Messages were now paginated. I implemented that a month ago. During my day job, I had run into a similar problem: I want to paginate X resource, but I can only retrieve it after joining with Y data. For me, X was messages and Y was message groups. Here’ the solution I came up with:
The real difficulty was figuring out how to do it with Ecto since I didn’t want to have to change the pagination logic. I didn’t want to do it with raw SQL because then I would need to use each column to correlate with the correct data (which I had recently done with sqlalchemy). And the difficulty with Ecto, as noted in the comment, was figuring out how I could reuse the pagination logic. Using joins was pretty simple, and I think it would’ve easily solved this problem. But I wasn’t sure if it would mess with the pagination logic (I think I ran into some problems), so I used a CTE.
With retrieval and pagination solved, the new problem was inserting the data. Since I’m inserting several messages under one message group, I should use Repo.insert_all
, right? It makes sense. Well, there came to be a problem: I needed to retrieve each message with its message group because the client needed to know who the sender of the message was. I could encode the same sender on every message, but one of the rules of a SQL database club is this: you don’t repeat data unnecessarily.

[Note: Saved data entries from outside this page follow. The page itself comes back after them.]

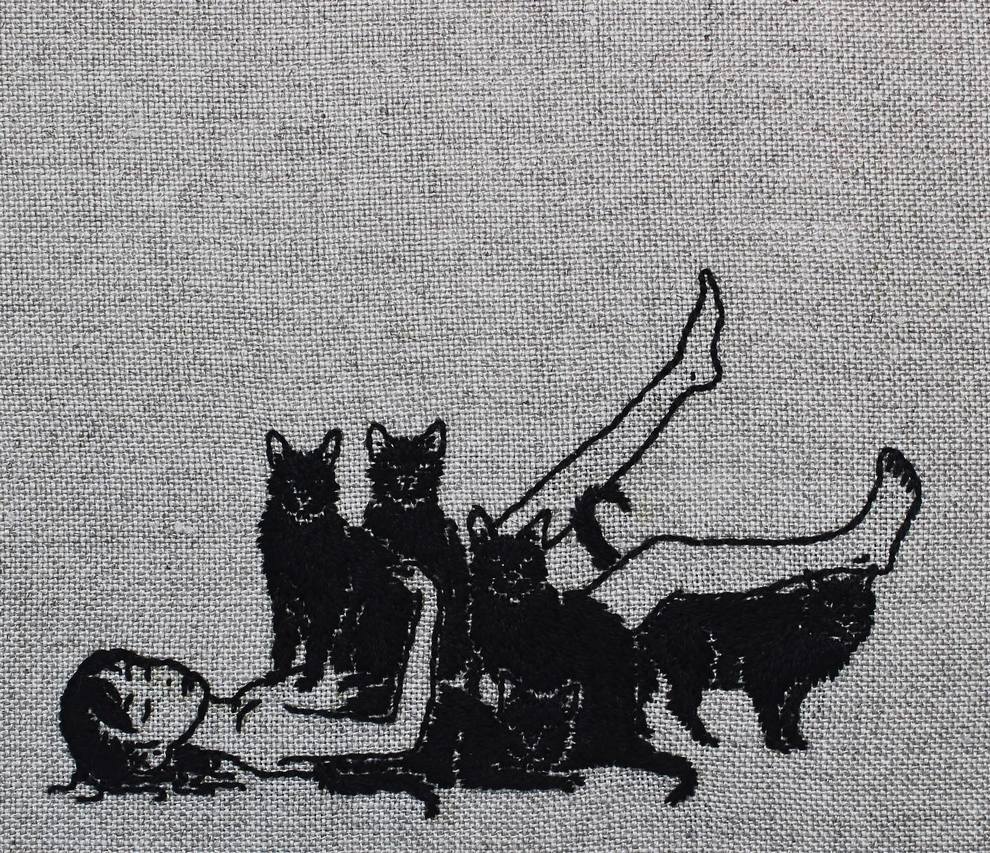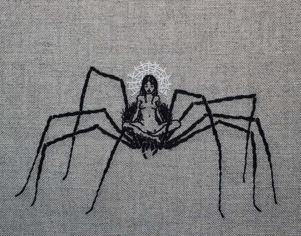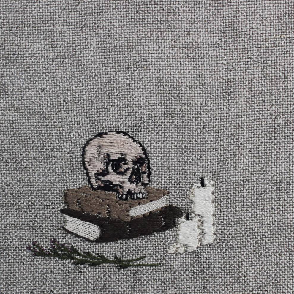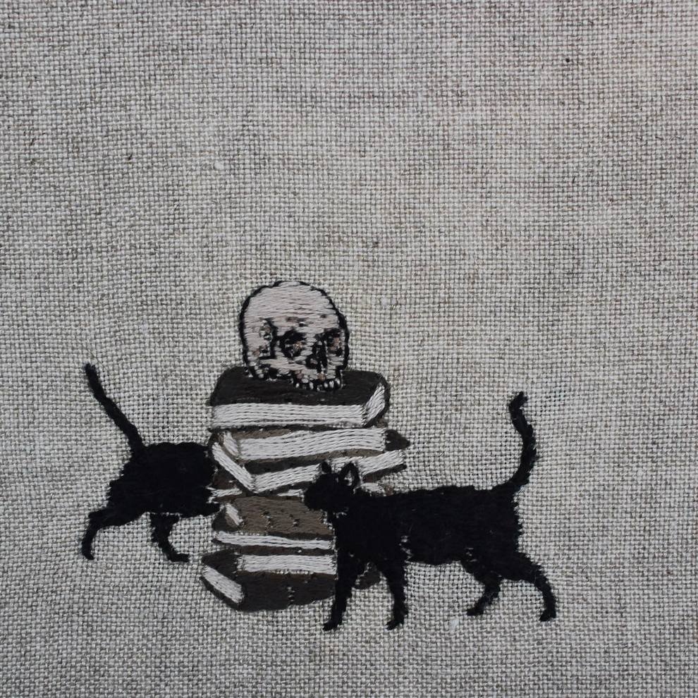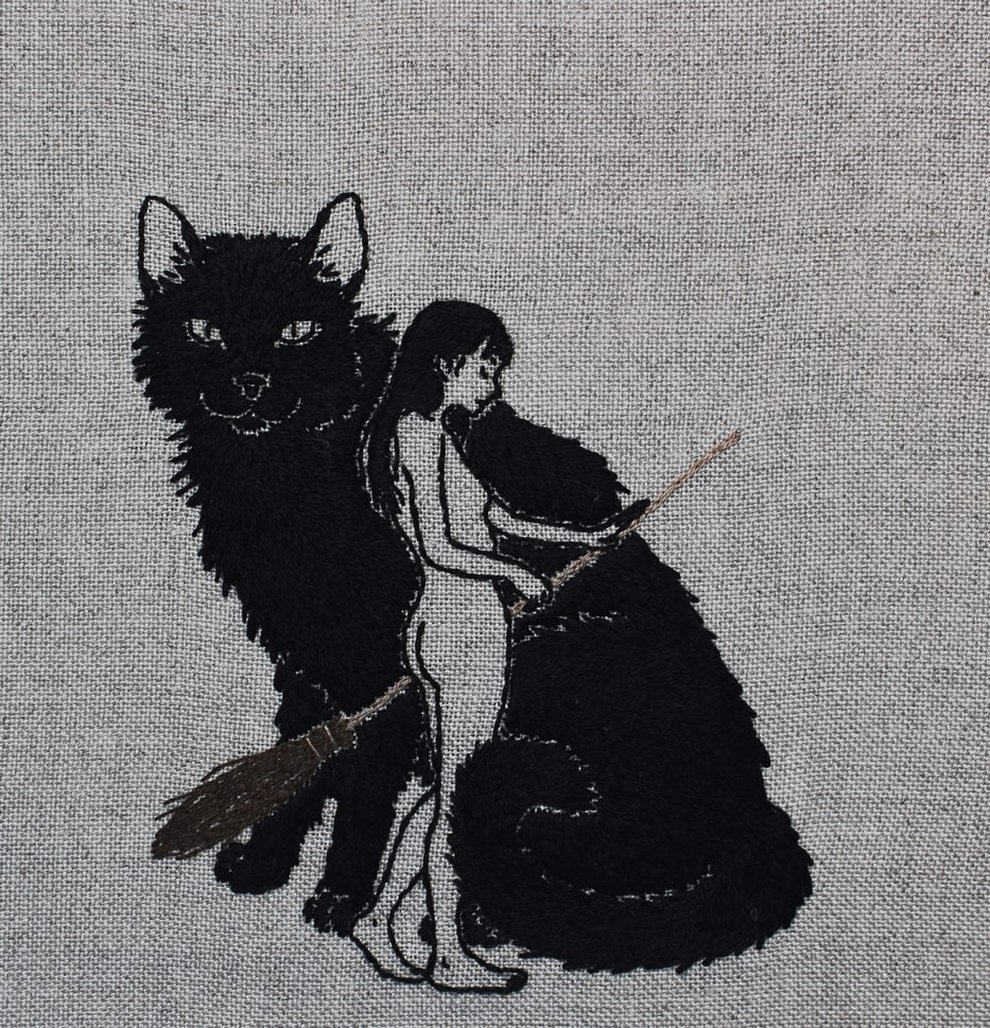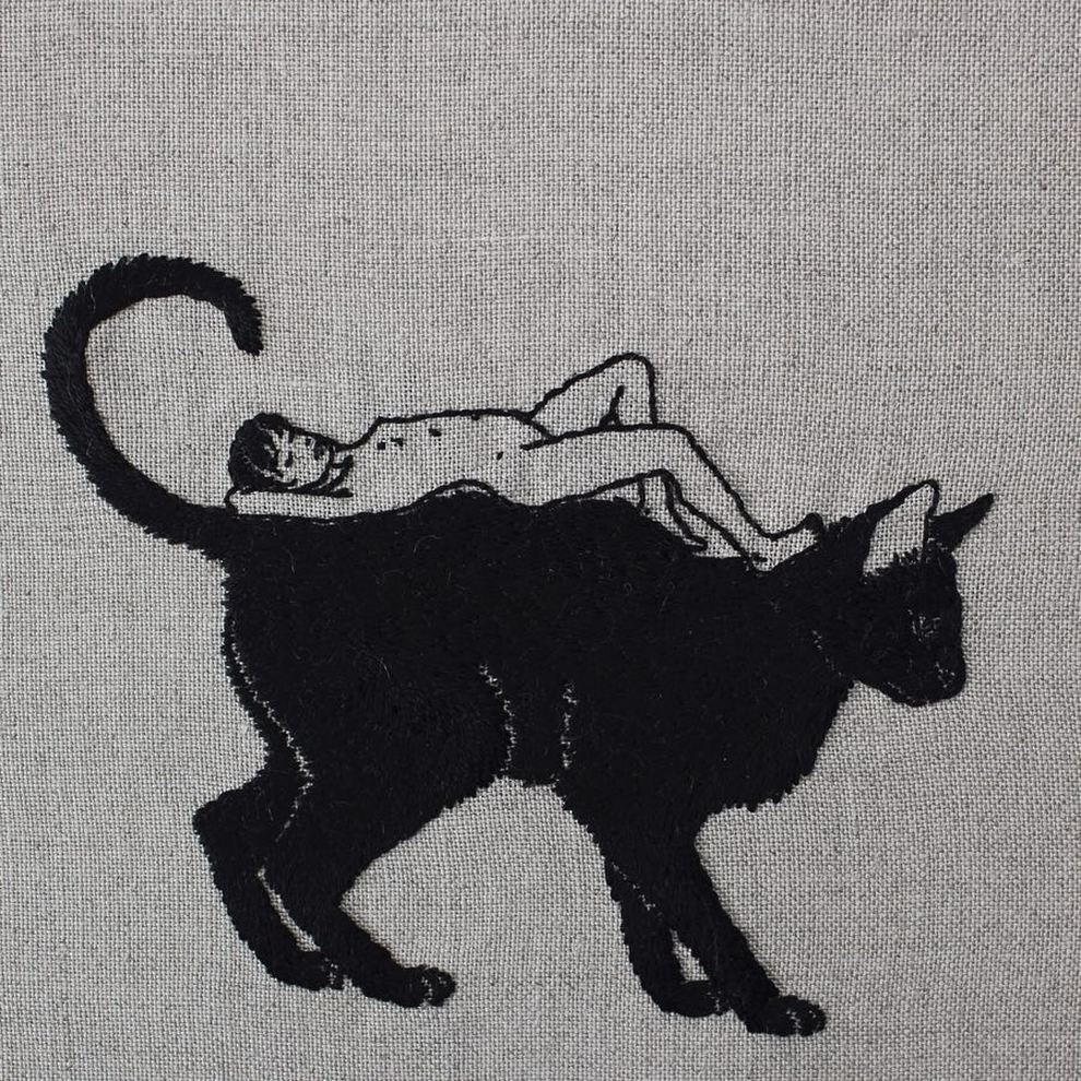 Themes draw from occult motifs, danse macabre, vanitas, death and the maiden, spiders, bats, skulls, and existential concepts like martyrdom and impermanence, often portraying raven‑haired maidens interacting with skeletons, goats, and deadly flora. Uses natural linen for sustainability; stitches temporary pieces on own skin; motifs symbolize emotional self‑portraits with irony, camp, and retro charm — tender, humorous, subtly disturbing.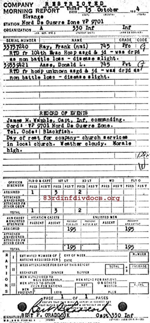 James M. Wamble, Capt, Inf, commanding. Cord: vP9701 Nord de Guerre Zone. Tel Code: Blackfish. Day of rest for company. Church services in local church. Weather cloudy. Morale high.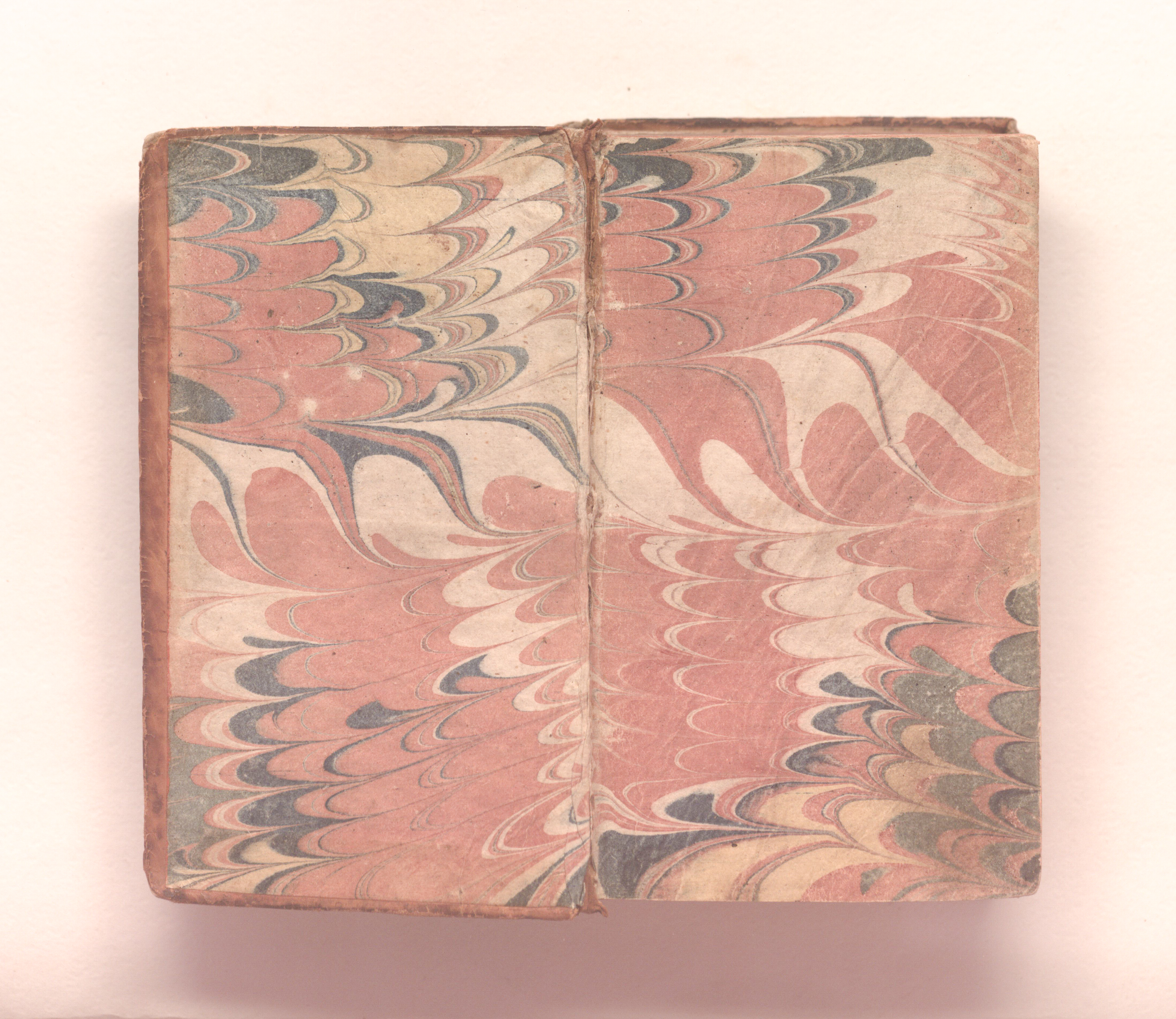 Книга в цельнокожаном владельческом переплете. Форзацы украшены бумагой с рисунком «под мрамор». Обрез тонированный. Бумага верже.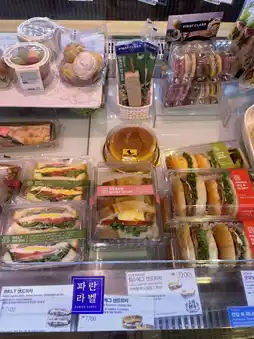 The sandwich section is a paradise for those in a hurry. 🏃♀️✨ They also have whole wheat sandwiches. Fried chicken sandwiches 🐓 and fresh vegetable sandwiches 🥬, as well as mini burgers in convenient, portable packages 🍔, are easy to fill up on at a great price.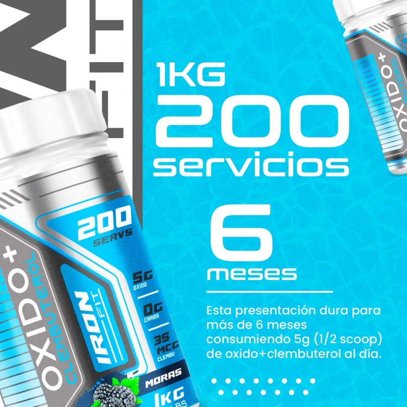 Óxido Nítrico + Clembu 1kg Pre Entreno Iron Fit 200 Servs Moras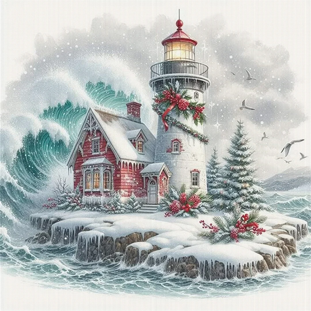 Winter Lighthouse-11CT Stamped Cross Stitch 45*45cm/17.72*17.72in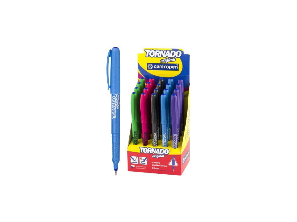 Obľúbené guľôčkové pero Tornado s trojuholníkovou úchopovou časťou, s masážnymi bodmi, s tenkou rovnomernou stopou šírky 0.3 mm, ktorá sa dá vyzmizíkovať, atramentová náplň modrej farby. Telo pera je z kvalitného plastu, dodávané v 5 farebných kombináciách. Pero je určené pre pravákov i ľavákov.Dodatočné parametre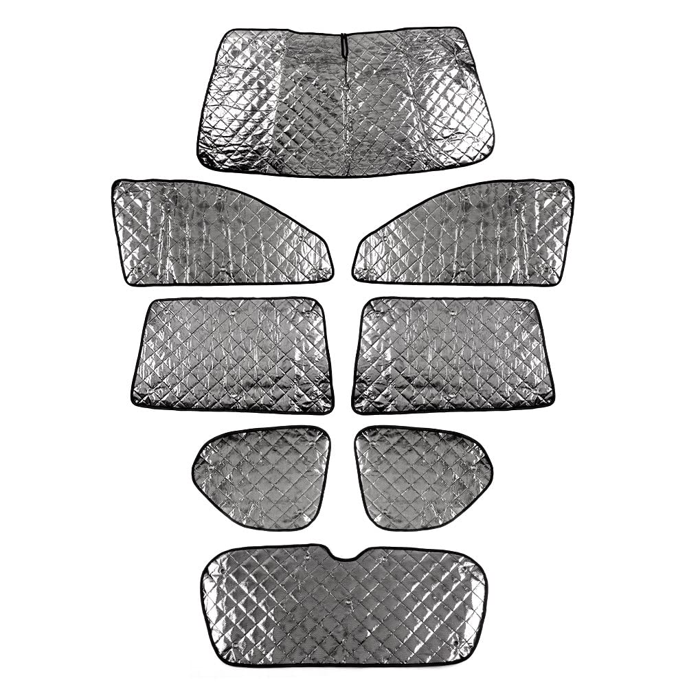 2.【セット内容】:フロントガラス用x1枚、フロントドアガラス用x2枚、リアガラス用x2枚、三列目ガラス用×2枚、リアハッチガラス用x1枚【合計8PCS】(収納袋1枚 )。

You might think: “but can’t you retrieve the message group after calling Repo.insert_all
? That’s what I thought too, but no. You can’t. So instead I had to insert the records individually (Ecto at least handles that in one database transaction if you use Ecto.Multi
) and prepopulate the MessageGroup
as needed. For updates, it’s very similar. Except with inserts, you prepopulate before insertion, and with updates you do it after.
Storing Data Securely
Because I’m not a security expert, this is going to be brief. Messages are already encrypted when stored, so that wasn’t a problem. Storing the private and public keys securely, however, was a problem. How I got them into my database was because the WebCrypto API allows a public and private key to be exported to JSON. So I just added a table with those fields:
Some of those fields are marked as optional. It turns out the algorithm I used uses all those fields, but only for private keys. A few of those fields are absent on public keys. I could’ve made two tables, but I figured it was fine.
The other thing to note is that all the fields (minus a few) are marked as binary. That’s so I could use Cloak Ecto. The most of the key’s fields are encrypted when they are stored in the database then decrypted every time they’re retrieved. It adds overhead, but this way, no one can see the public/private keys even if they access the database.
What’s Next
Now that this is done, I am ready to deploy the application. I have to update the documentation and make a few tweaks, but this should be deployed hopefully within the next week.
There are a lot of features I would like to add, like socialization features, block lists, enhanced messages (such as images/videos), get email working correctly (for registering/changing passwords/password recovery/etc) and so much more. But those features will probably take awhile to implement since I don’t have a lot of extra time to work on this.